🗣️ What is Speaker Similarity?
Speaker Similarity controls how closely the generated voice matches the original speaker’s voice from the reference audio. It helps maintain the same voice identity when audio is generated, translated, or dubbed into another language.
⭐ Why Speaker Similarity Is Important?
Speaker Similarity ensures:
The same speaker identity across languages Natural and believable AI-generated speech Consistency in tone, pitch, and vocal character.
Better listener experience without sudden voice changes.
This is especially useful for:
🎬 AI Dubbing
🧑🤝🧑 Voice Cloning
🌐 Multilingual Narration
📦 Content Localization
⚖️ How to Use Speaker Similarity?
Go to Speaker Settings
Open your project and navigate to Speaker Settings.Select a Speaker
Choose the speaker you want to configure (for example, Speaker 4).Set Basic Details
Enter or edit the Speaker Name
Select the Gender
(Optional) Improve Reference Audio
Enable Clean Reference to remove noise from the reference audio
Enable Maintain Source Accent if you want to keep the original accent
Adjust the Speaker Similarity Slider
Move the Speaker Similarity slider to control how closely the generated voice matches the original speaker
Recommended: The default Speaker Similarity value is 0.7, which provides a good balance between voice accuracy and natural sound.
Higher values sound more like the original voice, lower values give more flexibility
Select Voice Models
Choose the language
Select the voice model (for example, Voice From Original Media)
Save the Speaker
Click Confirm.
🎚️ How the Speaker Similarity Slider Works?
The slider allows you to adjust the level of similarity between the original voice and the generated voice.

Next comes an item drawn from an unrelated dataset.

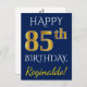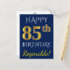 Blue, Faux Gold 85th Birthday + Custom Name Postcard

🔹Lower Values (e.g., 0.3 – 0.5) :
Voice is less similar to the original
More flexibility in pronunciation and delivery
Useful when:
Reference audio quality is low
Exact voice matching is not required
🔹Medium Values (Recommended: ~0.6 – 0.75) :
Balanced similarity and clarity
Voice sounds like the original speaker but remains natural
Useful when:
Best for most dubbing and narration use cases
🔹Higher Values (e.g., 0.8 – 1.0) :
Voice sounds very close to the original speaker
Preserves vocal identity strongly
Useful when:
High-quality reference audio is available
Voice consistency is critical
⚠️ Note:
Noisy or distorted input audio may reduce naturalness if the reference audio has noise or distortion.